[學習筆記] 機器學習: 推薦系統 (Machine Learning: Recommender Systems)

許多線上購物網站會自動推薦我們可能會感興趣的商品, 這是推薦系統的應用, 推薦系統能夠根據使用者和產品之間的關聯性自動推導出這些推薦.

以預測 user 對於電影的評等為例, 如下表, 已知 user 的評等為標示的 0-5, 未評等的部分為 ?, 我們想要預測 user 未給予評等的部分, user 可能會給予的評等為何.



Content based recommendations


Problem formulation
\( r(i, j)\): 1 if user \(j\) has rated movie \(i\) (0 otherwise)

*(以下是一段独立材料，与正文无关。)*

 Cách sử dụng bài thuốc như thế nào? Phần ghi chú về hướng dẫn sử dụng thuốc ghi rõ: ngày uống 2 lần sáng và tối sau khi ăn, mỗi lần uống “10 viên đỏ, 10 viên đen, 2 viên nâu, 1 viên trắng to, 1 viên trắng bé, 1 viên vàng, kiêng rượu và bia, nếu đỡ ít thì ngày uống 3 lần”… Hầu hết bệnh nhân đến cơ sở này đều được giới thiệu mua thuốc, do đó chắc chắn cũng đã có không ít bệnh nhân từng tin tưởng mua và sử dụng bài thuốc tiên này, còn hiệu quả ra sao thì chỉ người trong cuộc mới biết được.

\( y^{(i, j)}\): rating given by user \(j\) to movie \(i\) (defined only if \(r(i, j) = 1\))

\( \theta^{(j)} \): parameter vector for user \(j\)

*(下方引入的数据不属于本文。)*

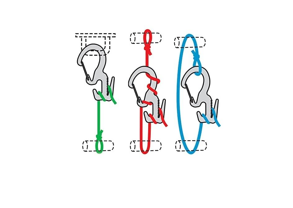 - Su diseño en forma de 9 te permite tensar cuerdas y lineas sin nudos o técnicas complicadas. Además, tiene el beneficio añadido de un mosquetón para una conexión rápida a un punto fijo.

\( x^{(i)} \): feature vector for movie \(i\)

\( n_u \): number of users

\( n_m \): number of movies

\(m^{(j)}\): number of movies rated by user \(j\)

For user \(j\), movie \(i\), predicted rating: \( y^{(i,j)} = (\theta^{(j)})^T(x^{(i)}) \)
對於每一組 user \(j\), movie \(i\), 以 linear regression 來預測 rating.
假設我們知道每部電影的 features \( x^{(i)} \), 我們想要學習得到每位 user 的 \( \theta^{(j)} \).
以上表為例, 我們可設計 2 個 features: 愛情片, 動作片.

前 3 部電影和愛情片的關聯性高, 後 2 部電影和動作片的關聯性高.

前 2 位 user 對於愛情片的 rating 高, 後 2 位 user 對於動作片的 rating 高.
Optimization algorithm:
給定 \( x^{(1)}, x^{(2)}, ..., x^{(n_m)} \), 學習得到 \(\theta^{(j)}\) (parameter for user \(j\)) 的作法:
minimize cost function: \(\frac{1}{2}\sum_{i:r(i,j)=1}((\theta^{(j)})^T x^{(i)}-y^{(i,j)})^2 + \frac{\lambda}{2}\sum_{k=1}^{n}(\theta_k^{(j)})^2 \)
給定 \( x^{(1)}, x^{(2)}, ..., x^{(n_m)} \), 學習得到 \(\theta^{(1)}, \theta^{(2)}, ..., \theta^{(n_u)}\) 的作法:
minimize cost function: \(\frac{1}{2}\sum_{j=1}^{n_u}\sum_{i:r(i,j)=1}((\theta^{(j)})^T x^{(i)}-y^{(i,j)})^2 + \frac{\lambda}{2}\sum_{j=1}^{n_u}\sum_{k=1}^{n}(\theta_k^{(j)})^2 \)
以 gradient descent 找出能夠 minimize cost function 的 \(\theta^{(1)}, \theta^{(2)}, ..., \theta^{(n_u)}\):
\(\theta_k^{(j)} := \theta_k^{(j)} - \alpha \sum_{i:r(i,j)=1} ((\theta^{(j)})^T x^{(i)} - y ^{(i,j)}) x_k^{(i)} \quad (\text{for } k = 0) \)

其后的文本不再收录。